Das Karöttchen bot an diesem Mittag zweierlei vegane Variationen an: Basmatireis mit indischem Gemüse und vegetarisches Thai-Huhn in Kokossauce.
»Willst mi dableamln? Des Hendl is gar koa Hendl? Des Hendl is aus Saubohnen?« Anderl scannte Julia, die seinen Teller abräumte, so aufmerksam wie immer, vielleicht sogar eine Spur gründlicher, ob sich nicht irgendwo etwas Beunruhigendes hinter ihrer zarten blonden Erscheinung verbergen könnte, etwas, das sie auf die Idee brachte, Mannsbilder in a Dirndl zu stecken. Er spülte das falsche Huhn mit einem Schnaps herunter, winkte das Karöttchen zu sich.
»Hast eigentlich gwusst, dass wir Menschen verkümmerte Reißzähne ham, wiera Wolf, da, die Eckzähne, schaug amoi.« Er entblößte ein prachtvolles Gebiss.
»Wir miaßn Fleisch essen, das hast ned gewusst, ha? Ois andere is ned gesund. Also, machst halt morgen wenigstens amoi Weißwiarschtl, ha?« Anderl klappte seinen Mund mit den Reißzähnen wieder zu und verkündete, dass er auch zur heutigen Probe im Laden kommen werde, natürlich, er wolle ja sehen, was die junge Frau sich da ausgedacht habe.

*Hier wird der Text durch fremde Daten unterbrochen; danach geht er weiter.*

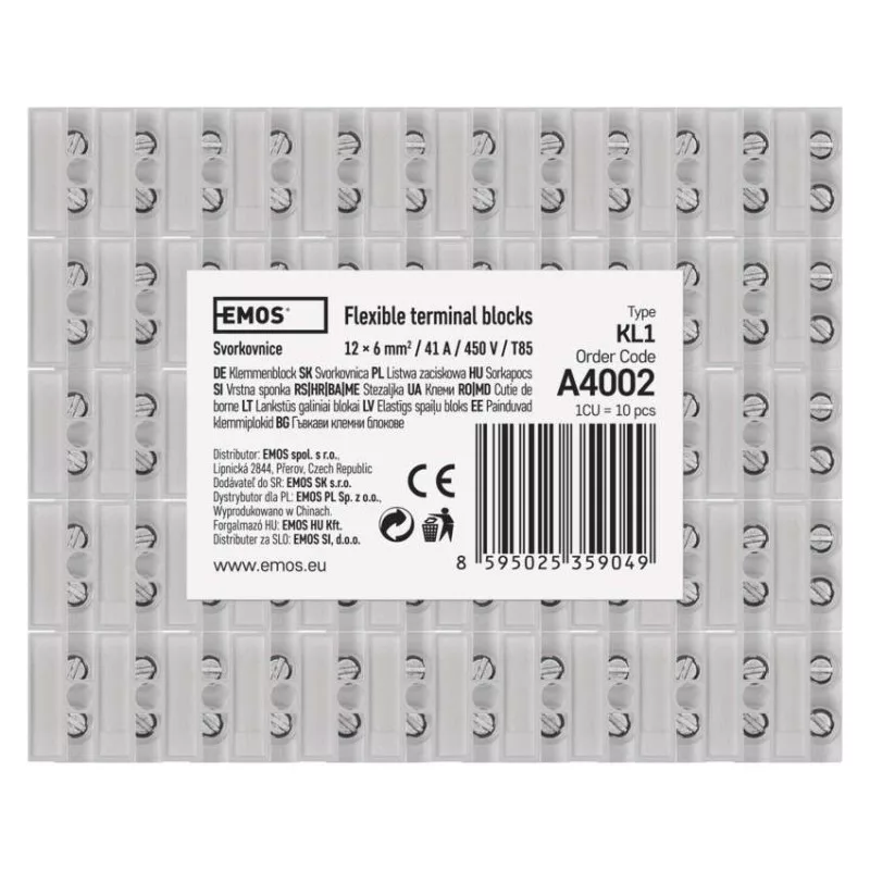 értékesítési csomagolás: 10 db, fólia|névleges áram: 41 A|névleges feszültség: 450 V~|termék: sorkapocs|vezeték keresztmetszethez: 12× 1,5–6 mm2

»Heut is a Probn im Laden? Wofür denn?« Franzi, die auch ihr veganes Huhn gegessen hatte, aber Anderl zustimmte, dass das Ganze irgendwie nicht gesund sein könne, kam neugierig näher. Sie trug die neueste Kreation von Özcan: ein stahlblaues Trikot mit einem überdimensionalen bayrischen Löwen auf der Brust und einem weißblauen Umhang in der Art von Superwoman, und alle im Lokal drehten sich nach ihr um.
»Ach nix.« Therese machte eine wegwerfende Handbewegung. »Nur a kleine Zusammenkunft. Oh, hallo Nat. Was a Zufall.«
»Zufall? Is heut keine Probn?« Nat Wildmoser stand mitten im Raum, schnupperte. Hinter ihm schnupperten die Männer, die mit ihm gekommen waren. »Riacht guad. Was gibt’s denn?«
»A Hendl, des aus oam Keim von oaner Saubohne is«, sagte Anderl, und Nat lachte.

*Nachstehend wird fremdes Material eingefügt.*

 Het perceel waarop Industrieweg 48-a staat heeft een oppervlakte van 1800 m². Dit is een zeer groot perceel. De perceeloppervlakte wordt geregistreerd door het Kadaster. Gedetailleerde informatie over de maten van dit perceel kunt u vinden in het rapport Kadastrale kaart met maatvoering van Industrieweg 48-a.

»Veroarschn kann ich mich allein. Therese, ich hab a paar Spezln mitgebracht. Wegen der Musik.«
»Musik?« Therese hatte wieder diesen Es-ist-mir-nicht-geheuer-Blick, und ich stapelte schnell die leeren Teller, trug sie in die Küche.
»Die Julia hat doch gesagt, es fehlt a Musik auf der Modenschau«, hörte ich noch.
»Ach, a Modenschau?«, fragte Franzi.
Ich zog schnell die Tür hinter mir zu. Das Karöttchen saß auf der Bank, beide Ellbogen auf den Tisch gestützt, und brütete über einem Block. Über meinem Block, sah ich im Näherkommen, dem Block, den ich für das Essen mit dem Tauchkurs benutzt hatte. 7 x Divers Dream, stand darauf. Und darunter: Haxe? Vegetarisch?
Ich räumte das Geschirr in die Maschine. Hinter mir riss Therese die Tür auf, stellte ein Tablett leerer Schnapsgläser auf den Tisch.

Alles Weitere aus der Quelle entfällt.